Task to carry out:
Word for word, give the data again without its pictures.

Data provided:

┏━━

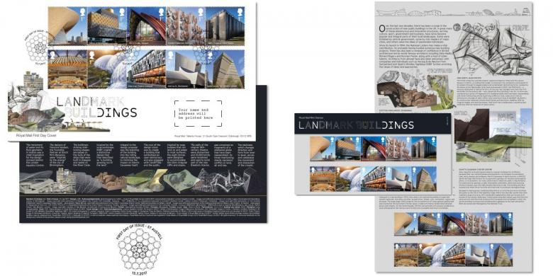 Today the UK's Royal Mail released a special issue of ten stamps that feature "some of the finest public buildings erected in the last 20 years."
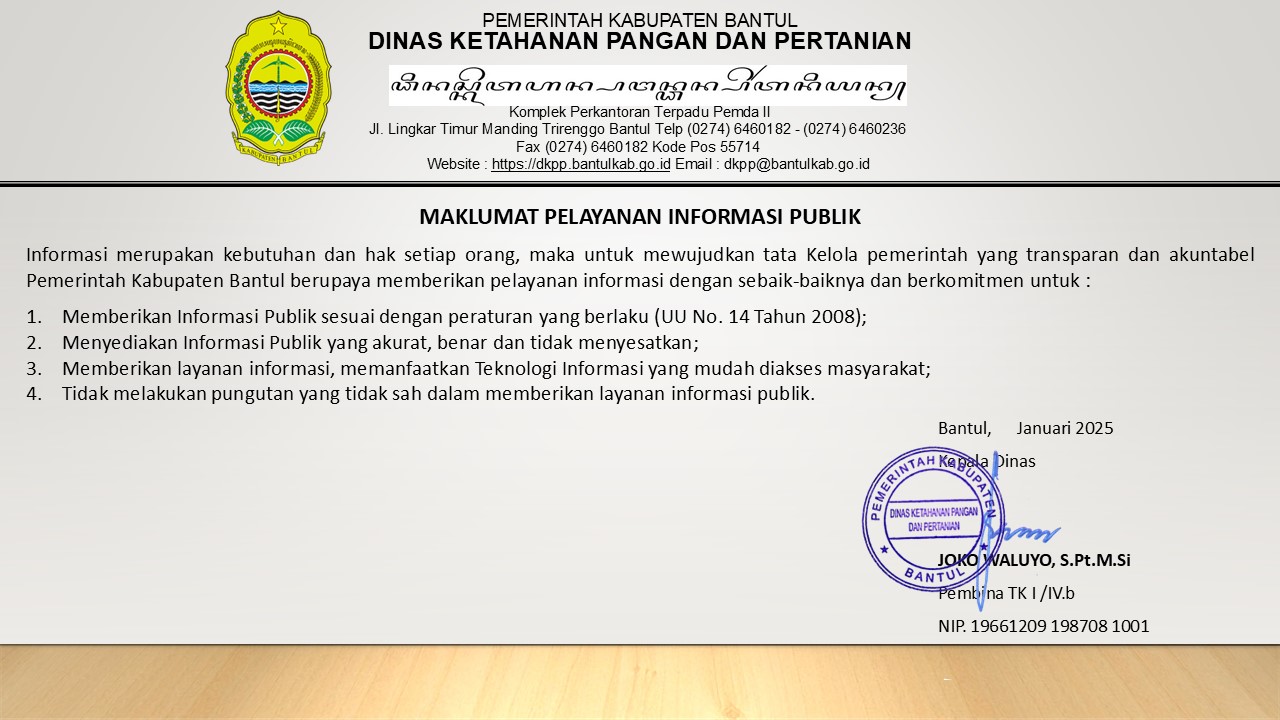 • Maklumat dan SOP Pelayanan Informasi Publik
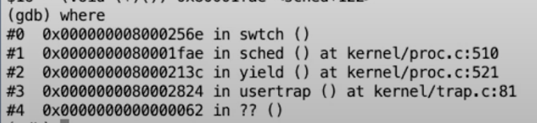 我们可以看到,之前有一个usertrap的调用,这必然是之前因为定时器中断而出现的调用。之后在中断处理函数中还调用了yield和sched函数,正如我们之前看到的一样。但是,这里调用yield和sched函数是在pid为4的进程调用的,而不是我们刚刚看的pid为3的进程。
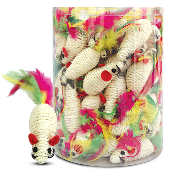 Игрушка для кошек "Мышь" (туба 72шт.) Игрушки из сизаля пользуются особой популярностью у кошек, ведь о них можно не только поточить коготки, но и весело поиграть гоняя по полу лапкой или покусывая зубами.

┗━━

Expected answer:
 Today the UK's Royal Mail released a special issue of ten stamps that feature "some of the finest public buildings erected in the last 20 years."
 • Maklumat dan SOP Pelayanan Informasi Publik
 我们可以看到,之前有一个usertrap的调用,这必然是之前因为定时器中断而出现的调用。之后在中断处理函数中还调用了yield和sched函数,正如我们之前看到的一样。但是,这里调用yield和sched函数是在pid为4的进程调用的,而不是我们刚刚看的pid为3的进程。
 Игрушка для кошек "Мышь" (туба 72шт.) Игрушки из сизаля пользуются особой популярностью у кошек, ведь о них можно не только поточить коготки, но и весело поиграть гоняя по полу лапкой или покусывая зубами.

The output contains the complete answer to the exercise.